A portable 3D image imaging device

This case is a divisional application based on an invention patent with an application date of September 25, 2020, an application number of 2020110203239, and the title of "a 3D holographic image device" as the parent case.

technical field

The present invention relates to the technical field of 3D images, in particular to a portable 3D image imaging device.

Background technique

In order to realize holographic images, a deep-field projection studio is usually composed of a curtain, multiple light sources, etc. at present. The existing deep-field projection environment usually requires a lot of manpower and material resources to build, and the projection booth is inconvenient to transport. Every time it is applied to a different scene, it needs to be rebuilt, which is inefficient.

SUMMARY OF THE INVENTION

The technical problem to be solved by the present invention is to provide a portable 3D image imaging device to improve the portability of the projection booth.

In order to solve the above-mentioned technical problems, the technical scheme adopted in the present invention is:

A portable 3D image imaging device, comprising a first projection assembly, a second projection assembly, a third projection assembly and a fourth projection assembly;

The first projection assembly, the second projection assembly, the third projection assembly and the fourth projection assembly are telescopically connected in sequence;

When the projection surface of the first projection component, the projection surface of the second projection component, the projection surface of the third projection component and the projection surface of the fourth projection component are unfolded, the first projection component, the second projection component, the The three projection components and the fourth projection component form a top-bottom interconnected cube.
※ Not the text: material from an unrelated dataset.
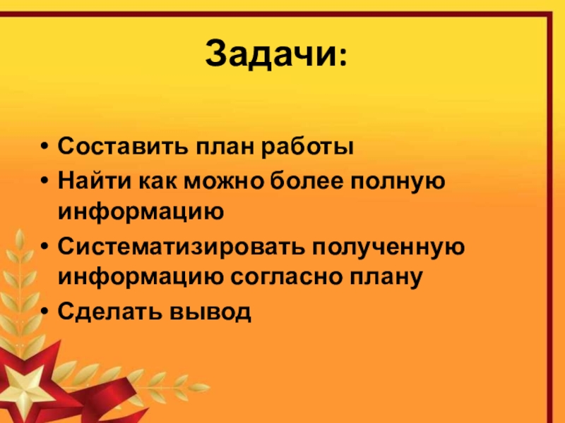 Задачи:  Составить план работыНайти как можно более полную информациюСистематизировать полученную информацию согласно плануСделать вывод

The beneficial effects of the present invention are: four retractable projection assemblies are provided, which are convenient for storage; when projection is required, the projection surfaces of the four projection assemblies are expanded in turn to form a cube, so that the projector can be performed on the four surfaces respectively. projection. In the present invention, a portable deep-field projection device is formed by four retractable projection assemblies, which is convenient for storage and carrying while ensuring the projection effect.

Description of drawings

1 is a schematic structural diagram of a portable 3D image imaging device in a fully unfolded state according to Embodiment 1 of the present invention;

FIG. 2 is a top view of a portable 3D image imaging device in a fully stored state according to the first embodiment of the present invention;

3 is a top view of a portable 3D image imaging device in a fully unfolded state according to Embodiment 1 of the present invention;

Fig. 4 is the front view of Fig. 1;

5 is a cross-sectional view of the reel in a restricted state according to Embodiment 2 of the present invention;

Fig. 6 is the enlarged view of A part among Fig. 5;

7 is a cross-sectional view of the second embodiment of the present invention when the rolling body is a steel ball and the reel is in a rotatable state;

FIG. 8 is an enlarged view of part B of FIG. 7;

9 is a cross-sectional view of the second embodiment of the present invention when the rolling body is a ball bearing and the reel is in a rotatable state;

FIG. 10 is an enlarged view of part C in FIG. 9 .

Label description:

1. The first projection assembly; 11. The projection surface of the first projection assembly; 12, The first curtain; 13, The first winder; 131, The casing; 1312, control lever; 1313, accommodating groove; 1314, circular truncated protrusion; 134, upper support table; 1341, limit groove; 135, lower support table; 1351, chute; 1352, switch groove; 136, rotating shaft; 137 , the first anti-skid part; 138, the second anti-skid part; 139, the rolling body;

2. The second projection assembly; 21. The projection surface of the second projection assembly;

3. The third projection component; 31. The projection surface of the third projection component; 32. The flexible scale;

4. A fourth projection assembly; 41. A projection surface of the fourth projection assembly.

Detailed ways

In order to describe in detail the technical content, achieved objects and effects of the present invention, the following descriptions are given with reference to the embodiments and the accompanying drawings.

1-10, a portable 3D image imaging device includes a first projection assembly, a second projection assembly, a third projection assembly and a fourth projection assembly;

The first projection assembly, the second projection assembly, the third projection assembly and the fourth projection assembly are telescopically connected in sequence;

When the projection surface of the first projection component, the projection surface of the second projection component, the projection surface of the third projection component and the projection surface of the fourth projection component are unfolded, the first projection component, the second projection component, the The three projection components and the fourth projection component form a top-bottom interconnected cube.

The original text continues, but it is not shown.